Your copy should run exactly from the line containing "建面约117㎡,参考总价530-660万,三室两厅两卫" to the last line of the entries below, and it should include no pictures.

Extracted data entries:
* * * * * * *

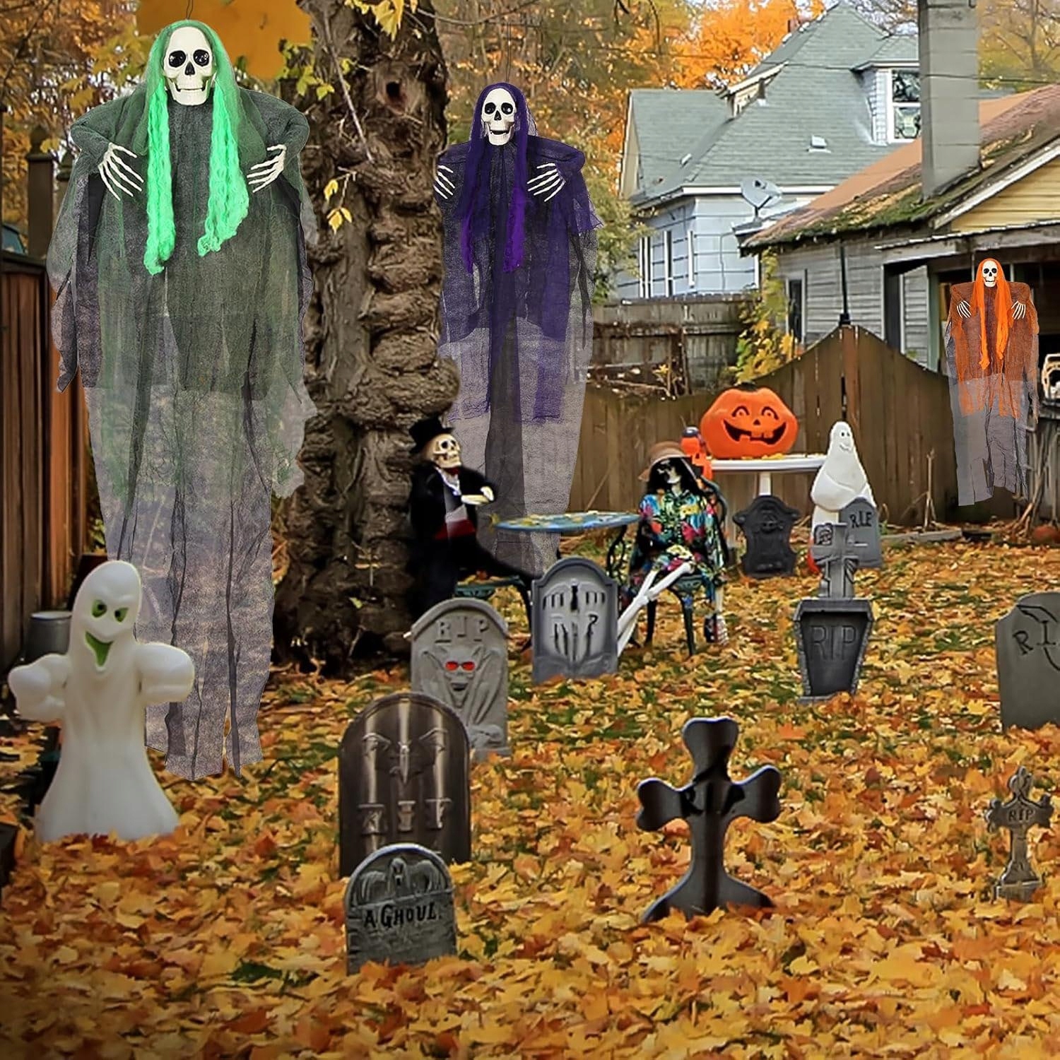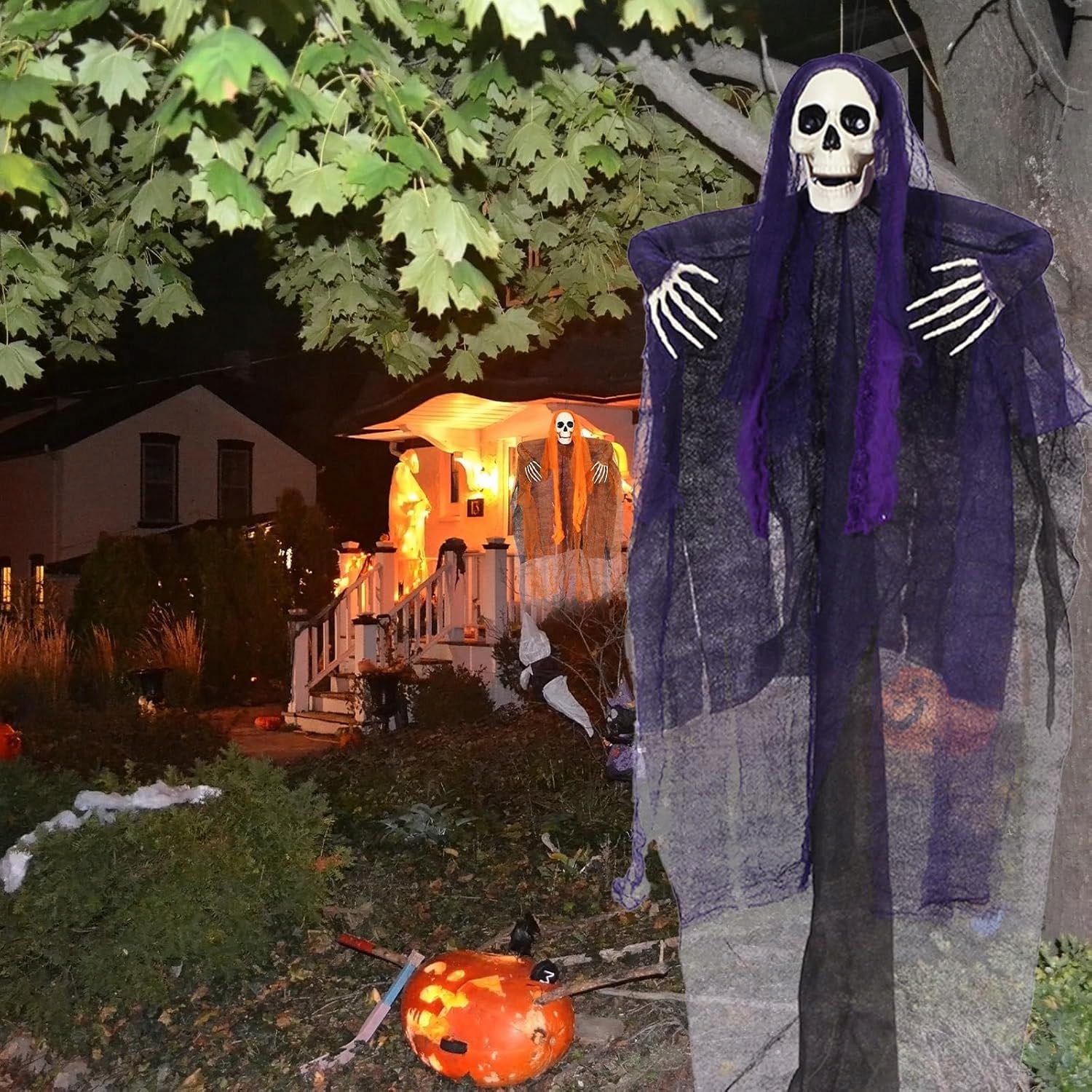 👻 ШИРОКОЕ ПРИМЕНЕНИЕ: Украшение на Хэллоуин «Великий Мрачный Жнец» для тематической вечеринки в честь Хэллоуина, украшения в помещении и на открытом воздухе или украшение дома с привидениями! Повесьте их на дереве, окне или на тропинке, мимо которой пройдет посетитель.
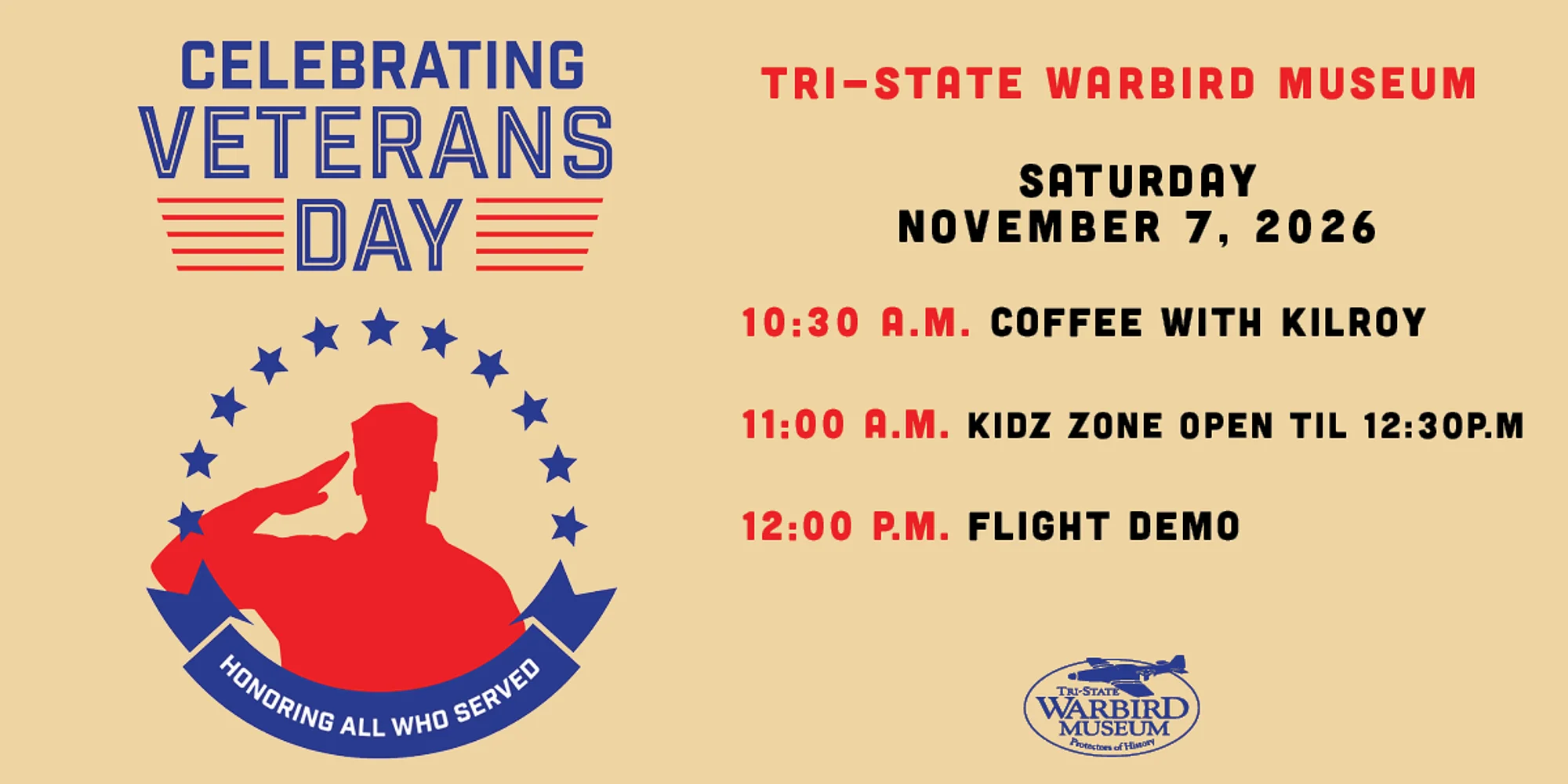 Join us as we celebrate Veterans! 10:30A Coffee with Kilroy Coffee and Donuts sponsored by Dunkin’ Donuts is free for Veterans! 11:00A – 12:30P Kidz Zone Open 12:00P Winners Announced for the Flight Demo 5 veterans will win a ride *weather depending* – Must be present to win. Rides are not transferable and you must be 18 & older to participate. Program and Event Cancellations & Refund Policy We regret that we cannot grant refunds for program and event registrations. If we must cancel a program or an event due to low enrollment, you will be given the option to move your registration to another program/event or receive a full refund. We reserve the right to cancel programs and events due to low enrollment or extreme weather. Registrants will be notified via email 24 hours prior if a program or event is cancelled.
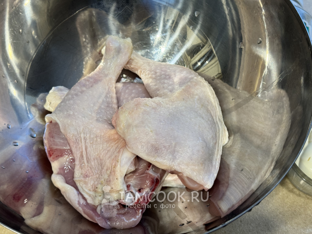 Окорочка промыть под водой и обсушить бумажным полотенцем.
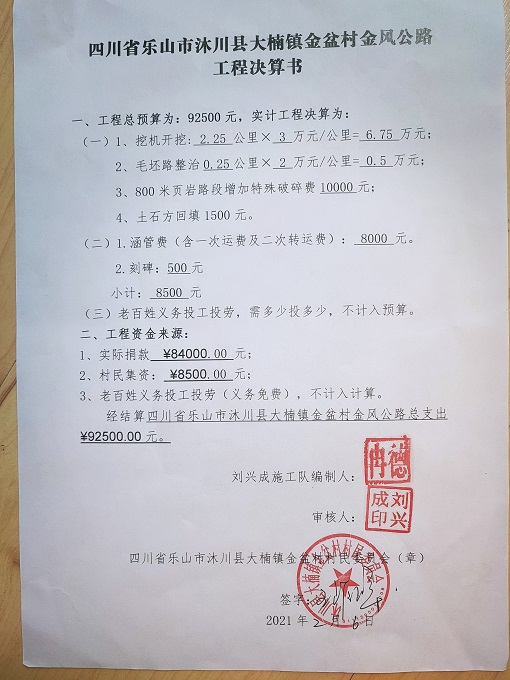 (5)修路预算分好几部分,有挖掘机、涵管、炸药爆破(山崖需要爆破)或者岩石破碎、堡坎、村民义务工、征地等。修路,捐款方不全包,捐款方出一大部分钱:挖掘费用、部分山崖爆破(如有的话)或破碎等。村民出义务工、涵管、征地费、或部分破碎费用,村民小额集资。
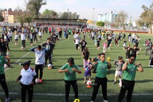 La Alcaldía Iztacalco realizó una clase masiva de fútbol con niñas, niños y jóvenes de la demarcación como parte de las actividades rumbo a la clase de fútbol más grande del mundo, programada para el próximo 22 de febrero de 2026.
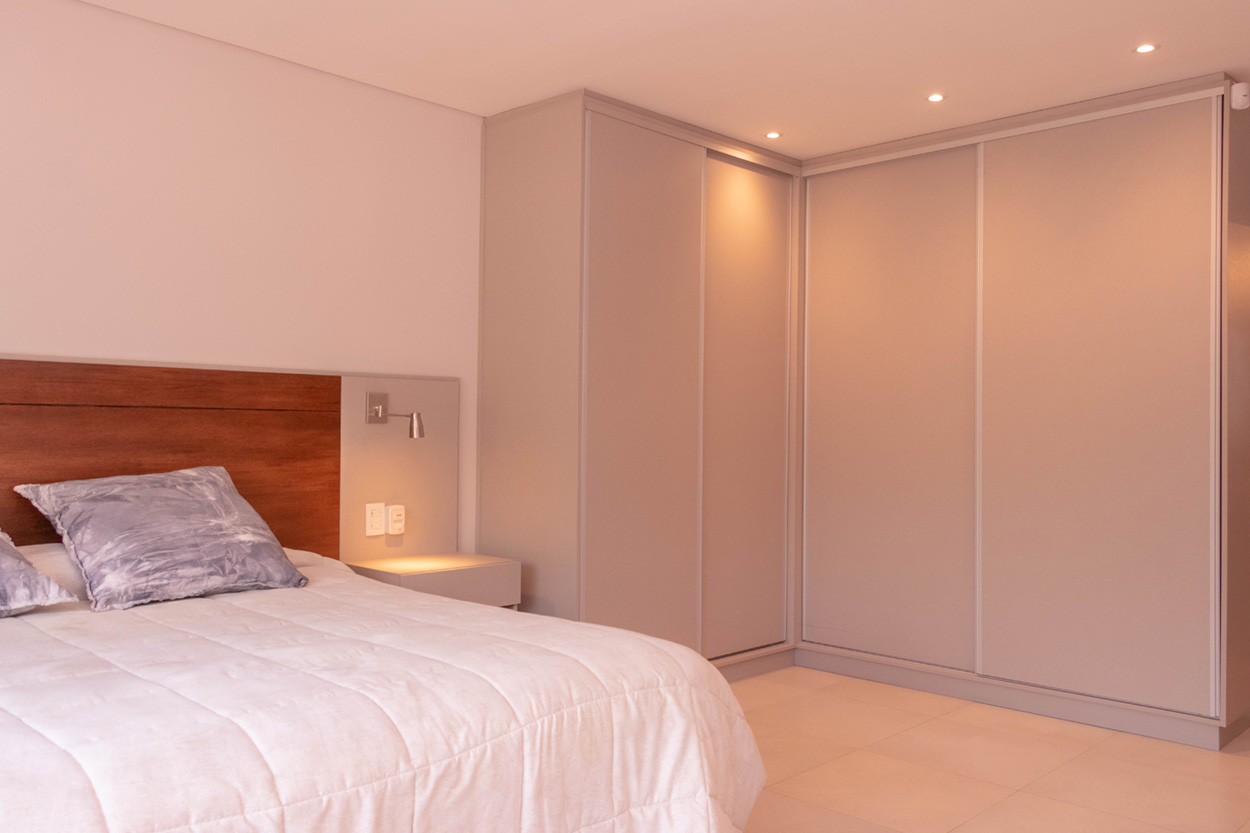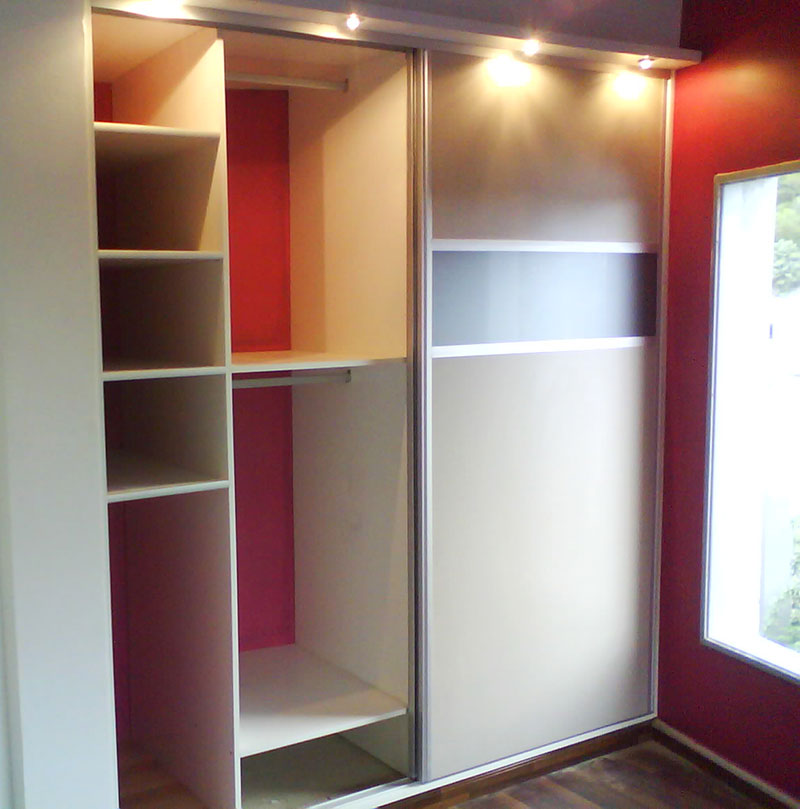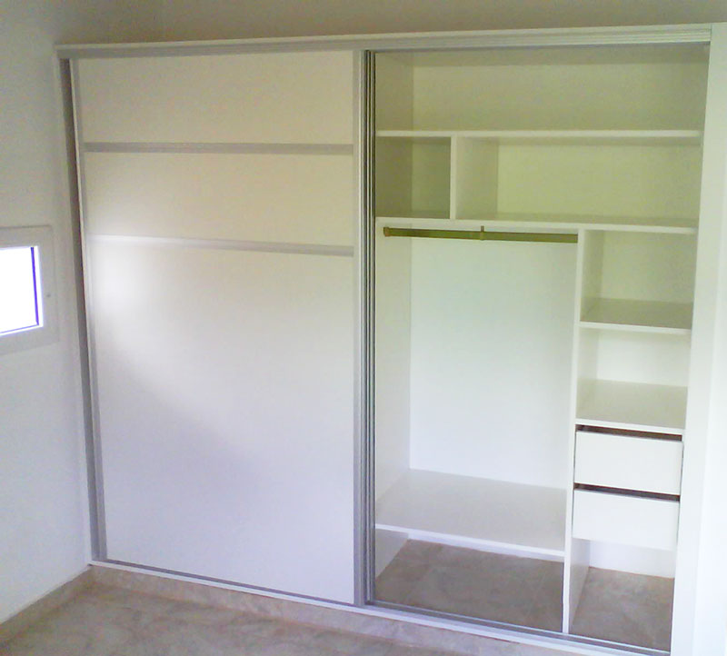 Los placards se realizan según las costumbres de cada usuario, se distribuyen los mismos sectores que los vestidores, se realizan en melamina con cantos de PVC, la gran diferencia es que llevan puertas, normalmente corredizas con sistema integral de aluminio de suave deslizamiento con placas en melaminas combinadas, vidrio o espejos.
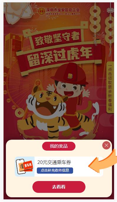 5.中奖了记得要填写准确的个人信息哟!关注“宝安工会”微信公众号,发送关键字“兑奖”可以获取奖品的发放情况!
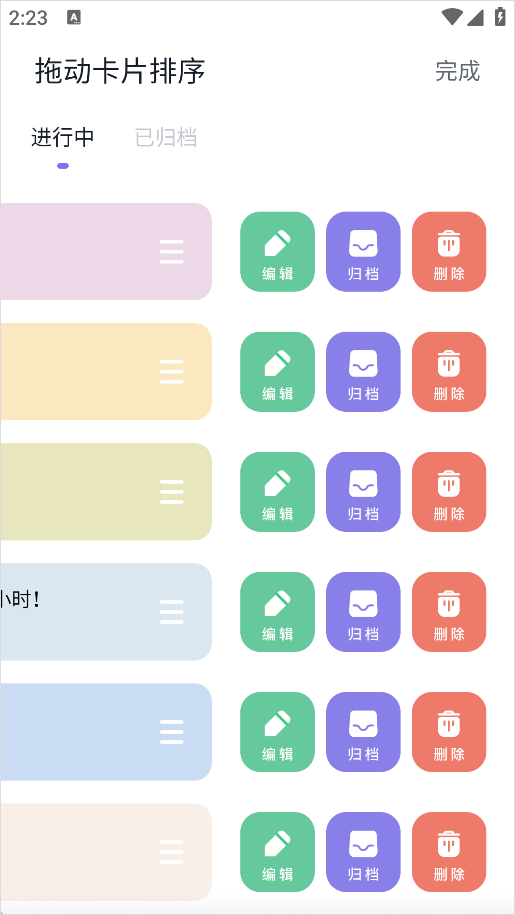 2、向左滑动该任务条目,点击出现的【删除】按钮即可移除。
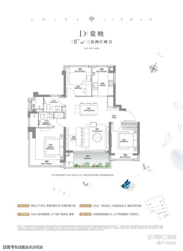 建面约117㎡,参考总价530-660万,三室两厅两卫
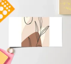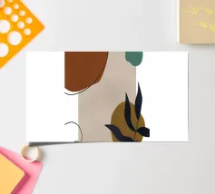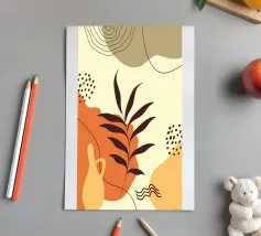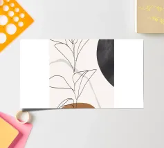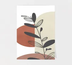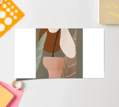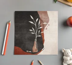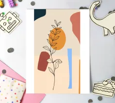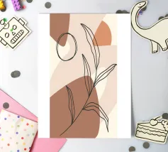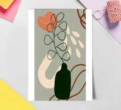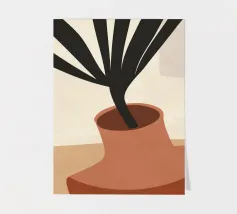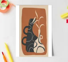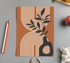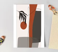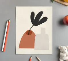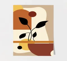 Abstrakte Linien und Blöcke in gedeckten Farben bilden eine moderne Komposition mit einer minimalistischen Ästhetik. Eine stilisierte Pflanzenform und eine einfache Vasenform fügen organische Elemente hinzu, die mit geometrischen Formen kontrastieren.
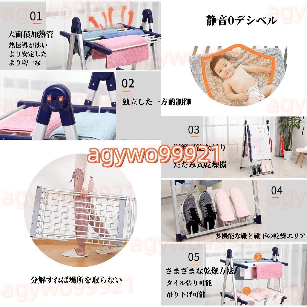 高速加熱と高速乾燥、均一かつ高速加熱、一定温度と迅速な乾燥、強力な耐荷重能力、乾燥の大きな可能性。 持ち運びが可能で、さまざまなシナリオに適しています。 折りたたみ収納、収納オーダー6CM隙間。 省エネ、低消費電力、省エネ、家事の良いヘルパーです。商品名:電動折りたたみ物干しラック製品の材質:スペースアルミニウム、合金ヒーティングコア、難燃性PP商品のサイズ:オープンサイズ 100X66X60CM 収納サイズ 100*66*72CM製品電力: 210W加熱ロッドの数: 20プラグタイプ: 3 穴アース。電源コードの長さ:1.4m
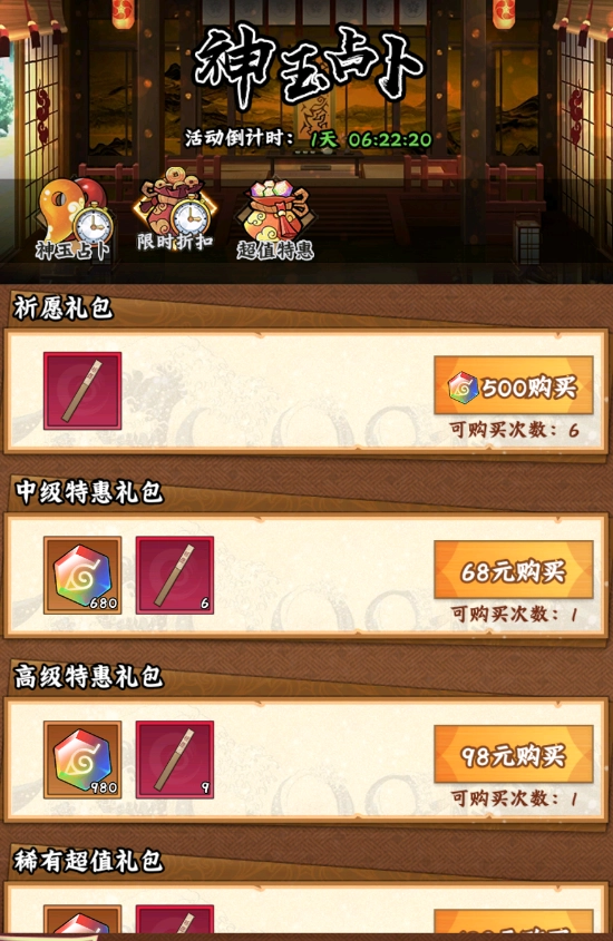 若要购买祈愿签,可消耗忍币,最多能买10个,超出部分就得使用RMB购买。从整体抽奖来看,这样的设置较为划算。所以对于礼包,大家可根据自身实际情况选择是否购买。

* * * * * * *

ANSWER SECTION:
 建面约117㎡,参考总价530-660万,三室两厅两卫
 Abstrakte Linien und Blöcke in gedeckten Farben bilden eine moderne Komposition mit einer minimalistischen Ästhetik. Eine stilisierte Pflanzenform und eine einfache Vasenform fügen organische Elemente hinzu, die mit geometrischen Formen kontrastieren.
 高速加熱と高速乾燥、均一かつ高速加熱、一定温度と迅速な乾燥、強力な耐荷重能力、乾燥の大きな可能性。 持ち運びが可能で、さまざまなシナリオに適しています。 折りたたみ収納、収納オーダー6CM隙間。 省エネ、低消費電力、省エネ、家事の良いヘルパーです。商品名:電動折りたたみ物干しラック製品の材質:スペースアルミニウム、合金ヒーティングコア、難燃性PP商品のサイズ:オープンサイズ 100X66X60CM 収納サイズ 100*66*72CM製品電力: 210W加熱ロッドの数: 20プラグタイプ: 3 穴アース。電源コードの長さ:1.4m
 若要购买祈愿签,可消耗忍币,最多能买10个,超出部分就得使用RMB购买。从整体抽奖来看,这样的设置较为划算。所以对于礼包,大家可根据自身实际情况选择是否购买。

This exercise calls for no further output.